Стоя под дверью кабинета «сатаны» Онки испытывала противоречивые чувства. Она с детства питала настороженную иррациональную неприязнь к Афине Тьюри, но, как политик, как человек, осиянный доверием народа, понимала, что её личное отношение не должно ни коим образом повлиять на выводы относительно того, нужны ли стране дети, жизнь которых может начаться только в стенах клиники «Лотос». Онки Сакайо боялась быть предвзятой.
— Как же давно я ждала твоего прихода, — Афина сидела за столом, сложив одну на другую перед собой пухлые загорелые руки в золоте, и приветливо улыбалась вошедшей, — Ну, здравствуй…

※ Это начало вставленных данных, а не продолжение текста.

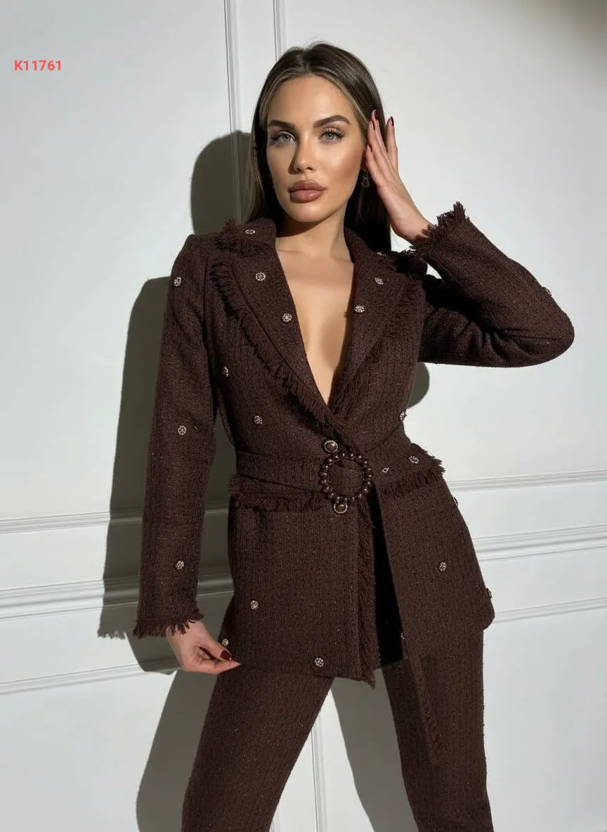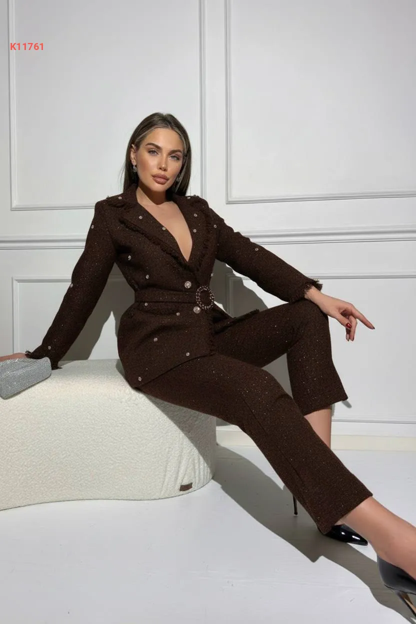 طقم بنطال شانيل مع جاكيت بأحجار ولولو

Онки сразу бросилось в глаза, что Афина Тьюри почти не изменилась с тех пор, как они виделись в последний раз. Но это не восхищало почему-то, а отталкивало, словно великолепно отреставрированный фасад здания, про которое знаешь наверняка, что оно прогнило насквозь. Онки тогда было четырнадцать лет, теперь ей — тридцать три. Она раздалась, отяжелела, под глазами легли первые усталые тени; кожа на лице, особенно на носу, становилась всё больше похожа на апельсин — покрывалась точками проявляющихся пор.

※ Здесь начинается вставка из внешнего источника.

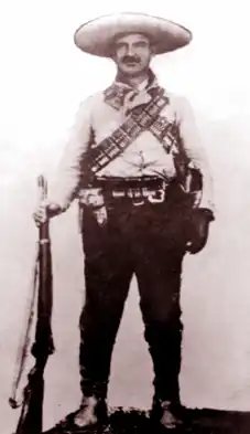 The Mexican Revolution started in 1910 against the dictatorship of Porfirio Díaz and for the masses' demand of land for the peasantry.[26][27][28][29] Francisco I. Madero was the first revolutionary leader.[23][29][28] He was elected president in November 1911 but was overthrown and executed in 1913 by conservative General Victoriano Huerta in a series of events now known as the Ten Tragic Days.[28][27] After Huerta seized power, Archbishop Leopoldo Ruiz y Flóres from Morelia published a letter condemning the coup and distancing the Church from Huerta. The newspaper of the National Catholic Party, representing the views of the bishops, severely attacked Huerta and so the new regime jailed the party's president and halted the publication of the newspaper. Nevertheless, some members of the party participated in Huerta's regime, such as Eduardo Tamariz.[30][31] The revolutionary generals Venustiano Carranza, Francisco Villa and Emiliano Zapata, who won against Huerta's Federal Army under the Plan of Guadalupe, had friends among Catholics and the local parish priests who aided them[32][33] but also blamed high-ranking Catholic clergy for supporting Huerta.[34][35][36][37][6][38]

Афина — всё такая же. Шея мягкая, стекающая, как теплый воск, полные губы, плечи, лицо пухлое и упругое, как грелка — она выглядела вполне свежей ещё женщиной… И от неразрешимого противоречия между тем, что известно было о её возрасте, и тем, что представало перед глазами, слегка подташнивало. Онки не раз за последний год задумывалась о том, хочет ли она сама принимать «Пролифик». По возрасту ей рекомендован был приём препаратов первой фазы. Фолликулопротекторов.

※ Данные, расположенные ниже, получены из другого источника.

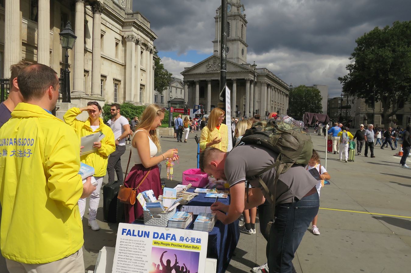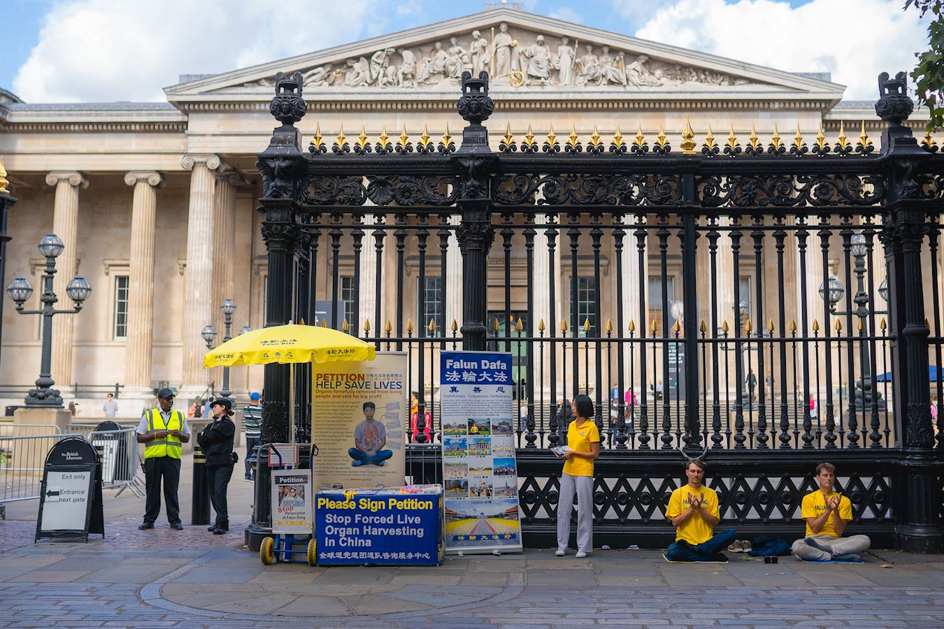 法轮功学员在大英博物馆炼功的场面吸引了中西方游客。他们中的不少人伫足与学员交谈了解真相。当人们了解到什么是法轮功,二十年来法轮功学员反迫害的历程,以及中共为什么要迫害法轮功的真相后,人们感动于法轮功学员和平宁静的炼功场景,震惊于中共迫害法轮功的邪恶,纷纷签名,声援法轮功学员反迫害。

Чем раньше женщина начнет терапию, тем более выраженным будет эффект. Врачи, однако, не рекомендуют перестраховаться, и заглатывать первую пилюлю слишком рано — препарат имеет ряд побочных эффектов, в числе которых (при длительном применении) повышение риска инфаркта, инсульта, раковых заболеваний. Человечество, совершенствуя медицину, непрерывно борется со смертью, с каждым новым открытием отбрасывая страшного противника всё дальше… Но он не сдается, и с каждым нападением становится всё более изобретательным. На смену побежденным болезням, являются другие — против которых ещё не успели заготовить оружие — и схватке этой, вечной схватке разума и смерти, не видать конца.
«Пролифик» несовершенен, и статистика это подтверждает. У каждой женщины есть выбор: принимать или не принимать, смириться с естественным старением, или бросить этот наивный и дерзкий вызов непобедимому сопернику — природе вещей… В молодости, будучи максималисткой, Онки не сомневалась, что она отважно выберет первый путь и, когда придёт её время, встретит неизбежное с гордо поднятой головой. Но по мере своего приближения к заветному рубежу, к развилке дорог, одна из которых — волшебная, Онки всё чаще ловила себя на мыслях, что, может, не так уж это и плохо — продлить свой женский век…
Она не уделяла много внимания внешности, по утрам проводила у зеркала в ванной не дольше двух-трех минут, необходимых для гигиены. Она не присматривалась к себе, не вглядывалась в кожу, изучая её тонкий причудливый рисунок, который с каждым годом становился всё чётче — будто кто-то прорисовывал его острым карандашом.
Однажды утром Онки вдруг заметила, что из зеркала на неё смотрит уже не очень молодая женщина. Щёки потеряли упругость и почти готовы были образовать складки, развеселый румянец погас, над бровями пролегла первая прямая, как горизонт, морщина задумчивости… Онки начала стареть! Это открытие оказалось настолько пронзительным и внезапным, что около минуты она бестолково разглядывала сама себя, будто видела впервые. Собственно, так оно и было. Красота никогда особо не заботила её, однако, кто смог бы остаться невозмутимым, обнаружив во время привычного утреннего туалета, совершаемого изо дня в день, своё начавшееся увядание?..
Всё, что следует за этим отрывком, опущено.